Jonas Gray (born June 27, 1990) is a former American football running back. He played college football at Notre Dame. He was signed by the Miami Dolphins as an undrafted free agent in 2012 and also played for the Baltimore Ravens and New England Patriots. Gray is best known for his performance with the Patriots in a 2014 game against the Indianapolis Colts.

Early years
From Pontiac, Michigan, Gray went to high school at Detroit Country Day. He helped lead Detroit Country Day to an 11–3 record as a senior and an appearance in the state championship. He rushed for 305 yards on 29 carries and scored four touchdowns in the state semifinal to lead the Yellow Jackets to a 37–30 victory. He gained 2,614 yards on 341 rushes (7.7 avg.) and scored 32 TDs during his senior season, rushing for over 200 yards in five games. He was selected to play in the U.S. Army All-American Bowl in San Antonio, Texas. Gray also competed in track & field at Detroit County. In 2006, he placed fourth in the 200-meter dash at the MHSAA Division 3 State Finals with a time of 22.84 seconds, and as a senior, placed third in the 100-meter dash with a time of 11.13 seconds.

Considered a four-star recruit by Rivals.com, he was rated as the fourth best running back prospect of his class.

College career
Gray attended the University of Notre Dame from 2008 to 2011. He played sparingly his first three seasons, primarily as a back-up to Armando Allen, Robert Hughes and Cierre Wood. As a senior, while splitting carries with Wood, Gray rushed for 791 yards on 114 carries (6.9 avg) while scoring 12 touchdowns. He tore his ACL, MCL, and LCL during a game vs. Boston College.

Professional career

Miami Dolphins
Gray was signed by the Miami Dolphins as an undrafted free agent. He was placed on the PUP list while he rehabbed his injured knee. He was among final cuts on August 31, 2013.

Baltimore Ravens
Gray was signed by the Baltimore Ravens to their practice squad on September 2, 2013.

New England Patriots
Gray was signed by the New England Patriots to a future/reserve contract on January 10, 2014. Gray did not survive the final cuts, but was signed to the practice squad the next day.

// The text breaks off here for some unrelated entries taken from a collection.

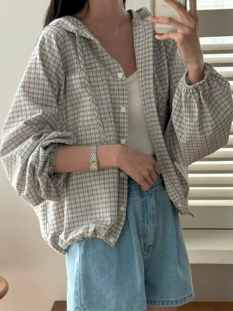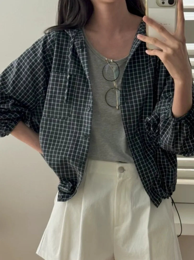 Korean Sle Lazy Plaid irt Women's Loose Casual Long Sve Dstring Hooded Top Outerwear Early Autumn Clothes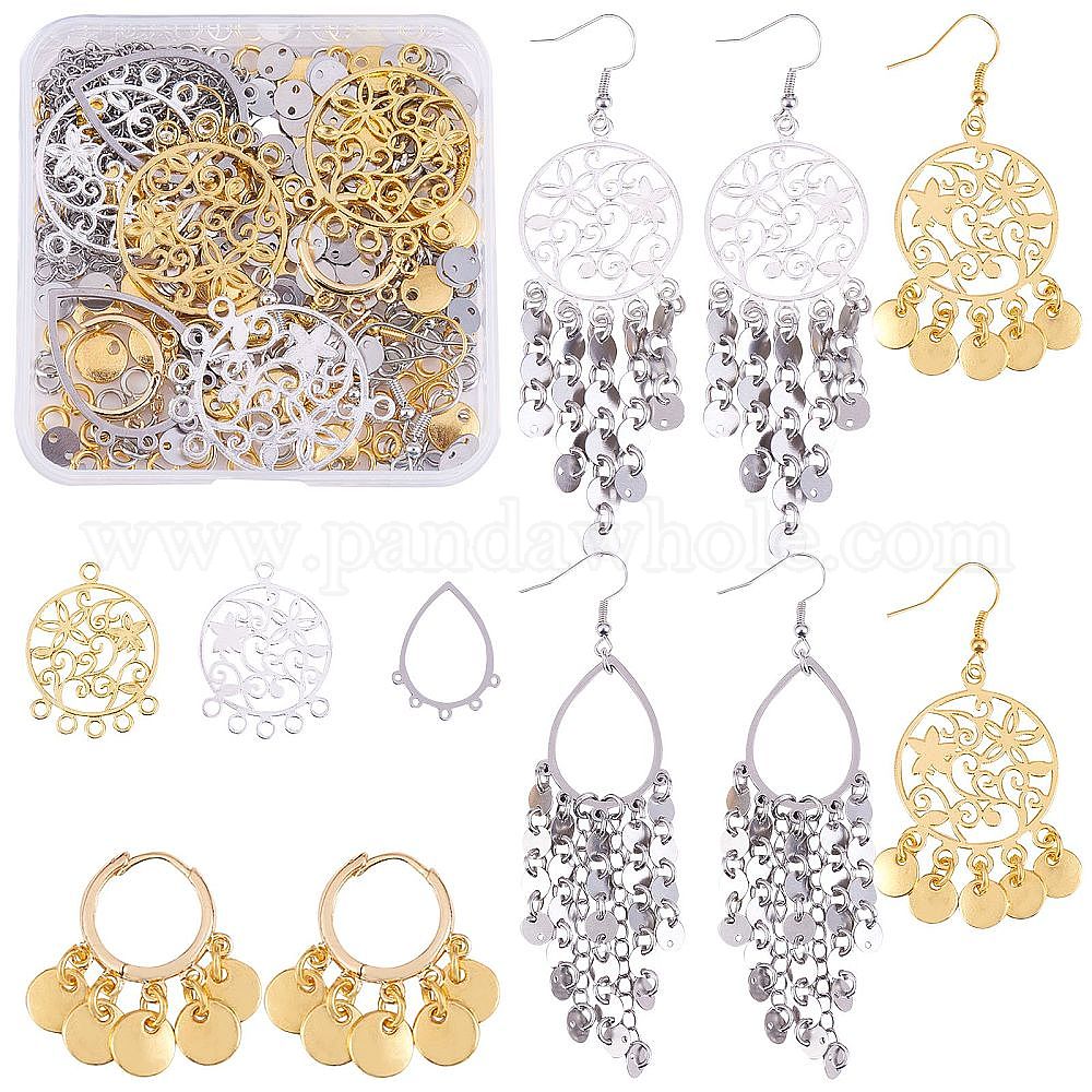 Набор для изготовления сережек люстры своими руками, включая латунные серьги-кольца, ссылка и подвески из сплава, Каплевидные и плоские круглые бордюрные цепи и звенья из нержавеющей стали, Железные крючки для сережек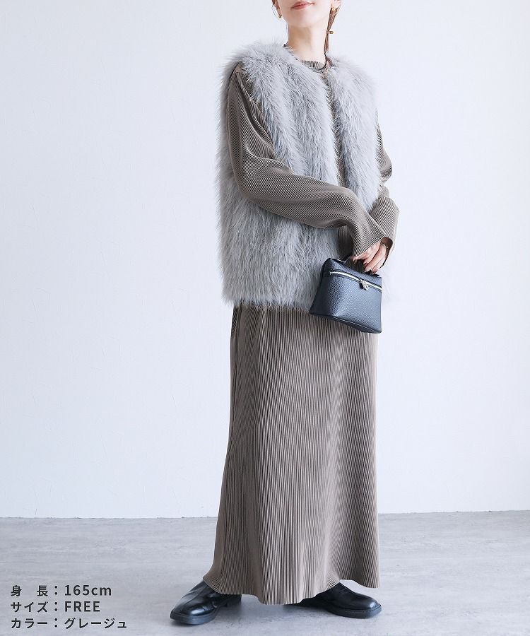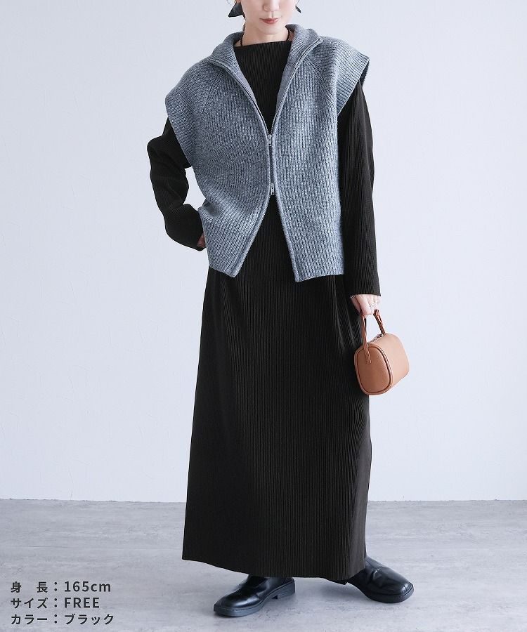 セルフカット長袖マキシプリーツワンピース(bel-blc-6404) 宅配便発送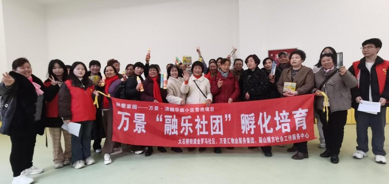 万景·清樾华庭小区(占地面积212亩,29栋楼,5091户,常住人口约1.5万人,入住率97%)。作为超大型小区,曾面临邻里互动不足、治理诉求多元、多元主体协同机制待完善等挑战。为破解治理难题,提升居民主体意识,2024年,万景·清樾华庭小区引入社会组织,创新构建以“居民参与、协作互助”为目标的模式,通过社会组织、社区居委会、小区党支部、物业及业委会“五方联动”(五联),实施“融美空间”“融心共筑”“融乐社团”“融情邻里”(四融)工作,合力打造全龄友好、慈善互助的融爱家园。

On October 16, 2014 Gray was signed to the active roster before their Thursday Night Football game against the New York Jets.

On November 16, 2014, Gray rushed for 201 yards, and a franchise-record four touchdowns on 37 carries in his fourth NFL game, leading the New England Patriots to a 42–20 victory over the host Indianapolis Colts. Gray was the first NFL running back since 1921 to score four rushing touchdowns in a game after entering the game with zero career touchdowns, and the first running back in the Super Bowl era to account for more than 25 percent of rushing touchdowns (4 of 10) in a week with at least 10 games. A correction to the official stats (removing a 2-yard loss that was negated by a 15-yard facemask penalty against the Colts) made his final stats for the game 201 yards on 37 carries. He scored 24 total points in the game, which was tied with Marshawn Lynch for the most by any player in a single game in the 2014 season.

Due to a team infraction, however, Gray was benched for the next game. He would only record 91 more total yards in the season, and was inactive for four of the Patriots remaining nine games, including the team's win in Super Bowl XLIX. Gray finished the season with 89 carries that resulted in 412 total yards and 5 touchdowns. On September 5, 2015, Gray was released by the Patriots.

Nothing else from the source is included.